İkinci Dönem: Bu safha, saniyenin onda birisi kadar bir zamanın geçtiği bir anda cereyan eden olayları içine alır. Bu kadar kısa süreye rağmen değişiklikler de ani ve dramatiktir. Sıcaklık 30 milyar dereceye inmiş, atom parçacıkları olan nötron ve proton belirmeye başlamıştır. Elektron, pozitron, nötrino ve antinötrino yine fotonlar birlikte karışım halindedir. Çekirdeği oluşturan parçacıkların bu aşamadaki oranları da belirlenebilmektedir: Yüzde 38 nötron, yüzde 68 proton… Proton ve nötronların ortaya çıkmasıyla, kuark ve gluonların da bu arada yaratılmış olduğu anlaşılıyor.

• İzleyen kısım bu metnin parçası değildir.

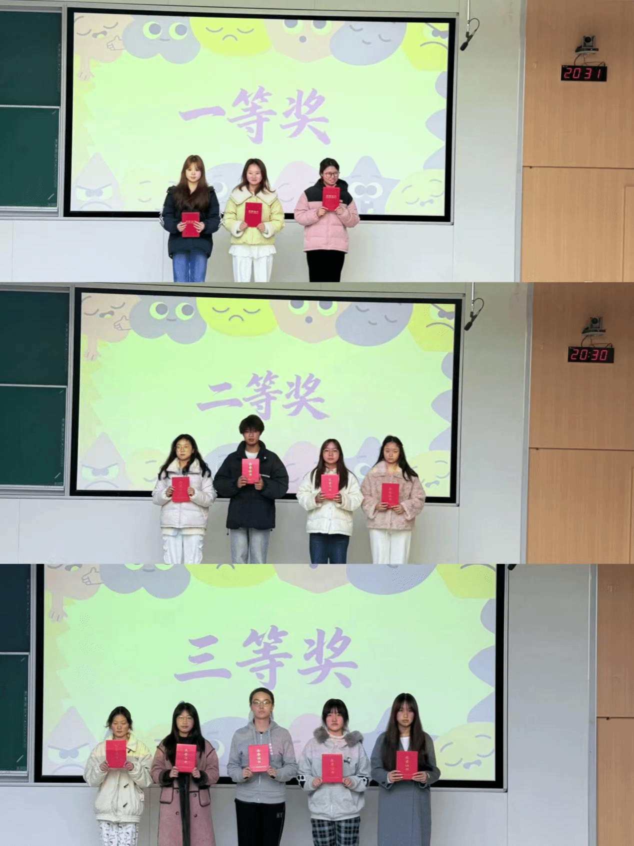 经评选,商务2501、幼管2502、幼管2501获一等奖,直播2502、物流2502、商务2502、会计2504获二等奖,直播2503、直播2501、物流2501、研学2502、会计2503获三等奖。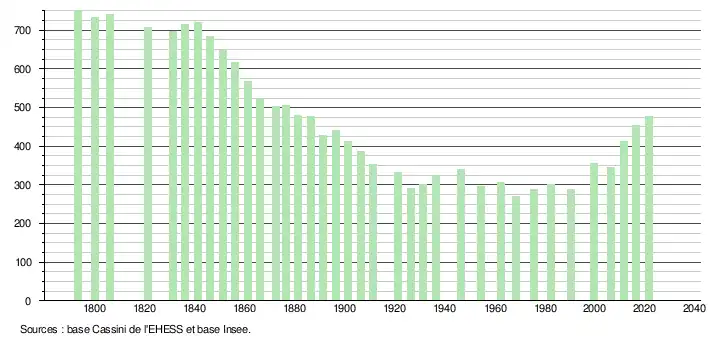 L'évolution du nombre d'habitants est connue à travers les recensements de la population effectués dans la commune depuis 1793. Pour les communes de moins de 10 000 habitants, une enquête de recensement portant sur toute la population est réalisée tous les cinq ans, les populations légales des années intermédiaires étant quant à elles estimées par interpolation ou extrapolation[23]. Pour la commune, le premier recensement exhaustif entrant dans le cadre du nouveau dispositif a été réalisé en 2006[24].

Nötronların ve protonların bir araya getirilerek atomun oluşturulması için yeterli “soğukluk” derecesine üçüncü dönemde erişilmemiştir.

Üçüncü Dönem: İlk kâinat maddesinin çok sıkışık halde bulunduğu bu dönemde de sıcaklık değeri bir hayli yüksektir. Gerçi ikinci döneme göre azalmış gibi görünüyorsa da şimdi sıcaklık 10 milyar derecedir. Kütle yoğunluğu, suya göre 380.000 defa daha fazladır. Nötronların ve protonların bir araya getirilerek atomun oluşturulması için yeterli “soğukluk” derecesine bu dönemde erişilmemiştir.

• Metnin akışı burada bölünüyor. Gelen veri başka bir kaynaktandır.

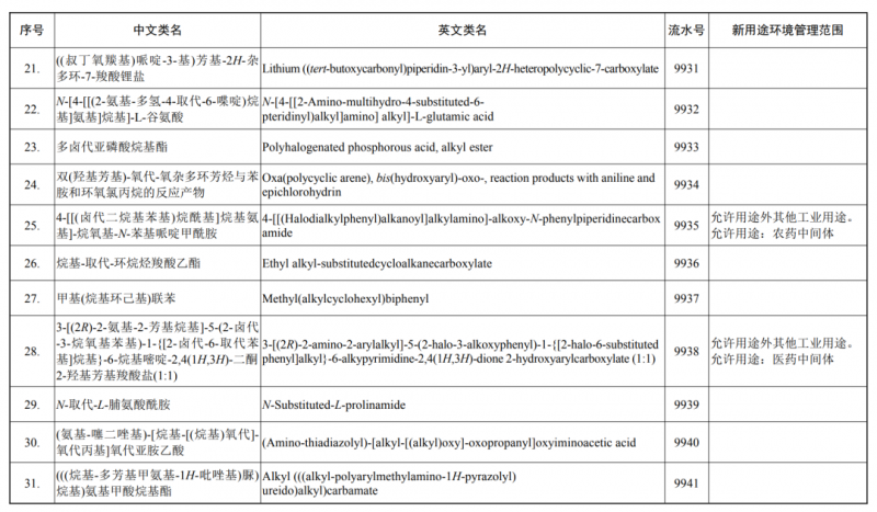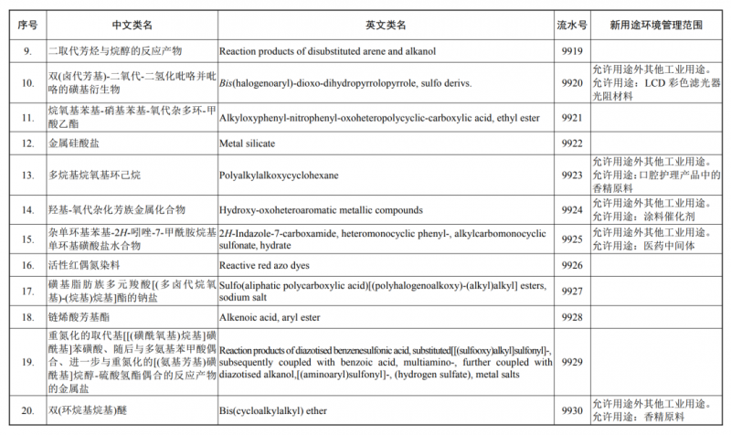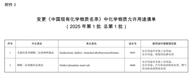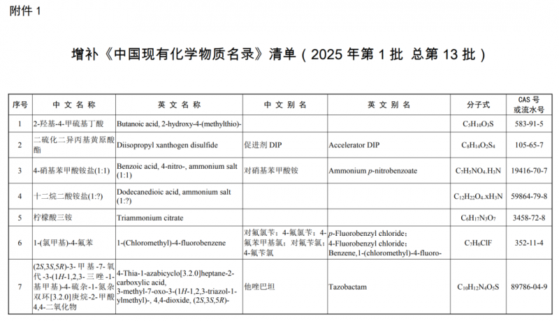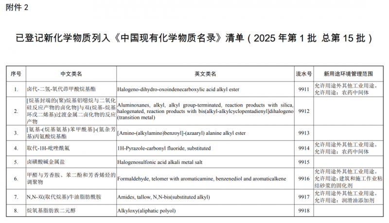 根据《新化学物质环境管理登记办法》(生态环境部令第12号)及其配套文件的相关规定,现发布增补《中国现有化学物质名录》清单(2025年第1批 总第13批)、已登记新化学物质列入《中国现有化学物质名录》清单(2025年第1批 总第15批)、变更《中国现有化学物质名录》中化学物质允许用途清单(2025年第1批 总第1批)。

 Dördüncü Dönem: Bu zaman diliminin en belirgin özelliği ise Sani-i Hakîm tarafından sıcaklığın 3 milyar dereceye düşürülmüş olmasıdır. Kâinat artık yaklaşık 14 saniyelik bir ömre sahiptir ve genişleme ise hâlâ müthiş bir hızla devam etmektedir. Elektronlarla pozitronlar (anti-elektron) bir maksat için bir araya getirildiklerinde, her ikisi de “yok edilmekte” ve fotonlar şeklinde “enerji” ortaya çıkmaktadır.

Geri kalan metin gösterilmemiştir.